Chiamerei “investigare” tali “proprietà uniche” per la possibilità di avere “la capacità” di modulare “alcuni processi atmosferici chiave, come i lampi delle nuvole temporalesche”, è piuttosto una capacità. 

In altre parole, immagina di essere in grado di guidare il fulmine, di puntarlo, attraverso un canale di plasma creato da un raggio laser carico, creando un canale colonnato di differenziale di carica per il lampo su cui viaggiare. 

Costruisci abbastanza differenziale di carica con qualche mezzo – come HAARP o qualche altro riscaldatore ionosferico – accumula una carica massiccia, e poi usa un laser spaziale per creare un canale in modo che la carica si scarichi a terra. 

Per rendere l’intero processo più efficiente, si potrebbe anche aumentare la conduttività elettrica del mezzo (in questo caso l’atmosfera) spruzzandola probabilmente con tutti i tipi di particolato di metalli pesanti elettricamente conduttivi.

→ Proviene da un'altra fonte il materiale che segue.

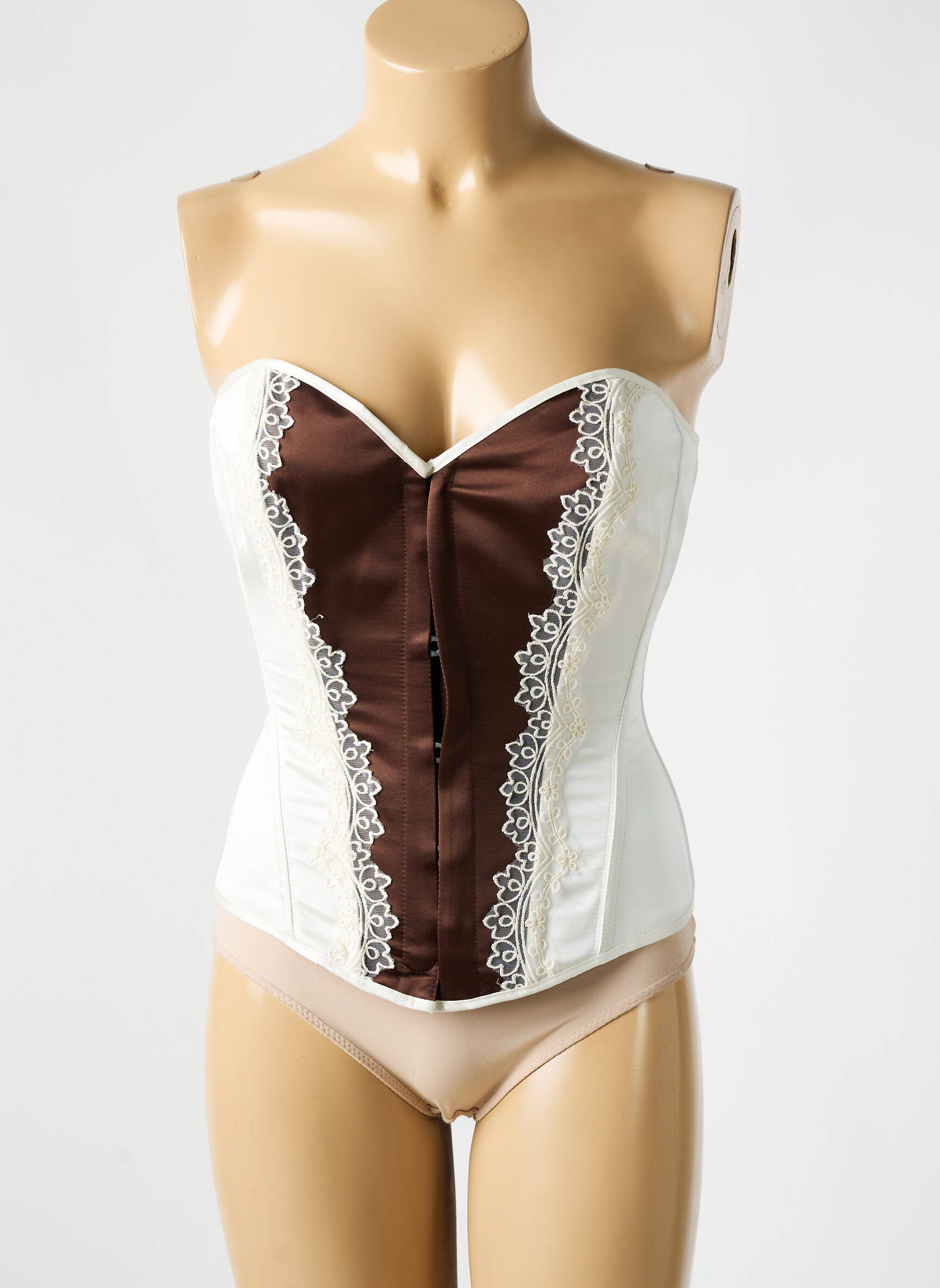 Profitez d’une véritable affaire avec ce corset signé REVANCHE DE LA FEMME, qui allie élégance et raffinement sans compromis sur le prix. Son design bicolore associe une base ivoire à un panneau central chocolat, rehaussé de délicats empiècements de dentelle blanche pour une touche de féminité irrésistible. Ce corset valorise parfaitement la silhouette tout en offrant un style chic à petit prix, idéal pour se faire plaisir sans se ruiner.
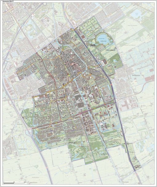 Gemeentekaart Delft, volgens de veelgebruikte TopoPlus-opmaak. Peildatum: juni 2023.

Sembra un po’ di fantascienza (ed è, naturalmente, un po’ la speculazione di un alto numero di ottani), e un po’ come gli antichi dei, come Zeus e Marduk, con le loro armi da “fulmine”

E se riesco a pensarci, e puoi pensarci ancora, stai tranquillo, che loro ci hanno già pensato e probabilmente lo hanno già fatto. E se tali armi da fulmine sembrano essere “un grosso problema”, guarda la Valle Marineris su Marte, una vasta cicatrice che corre lungo l’equatore del pianeta Marte, che alcuni ritengono essere stata causata proprio da tale arco elettrico.  

Naturalmente, alcuni vi diranno che questo era tutto un naturale catastrofismo creato da un sistema solare elettricamente dinamico, quando i pianeti erano raggruppati molto vicini e l’elettricità proveniva da un pianeta all’altro. 

Ma le stesse tecniche che ho delineato sopra potrebbero essere usate praticamente ovunque, da chiunque, e “ovunque”, che avesse la tecnologia per progettare sistemi di scala planetaria.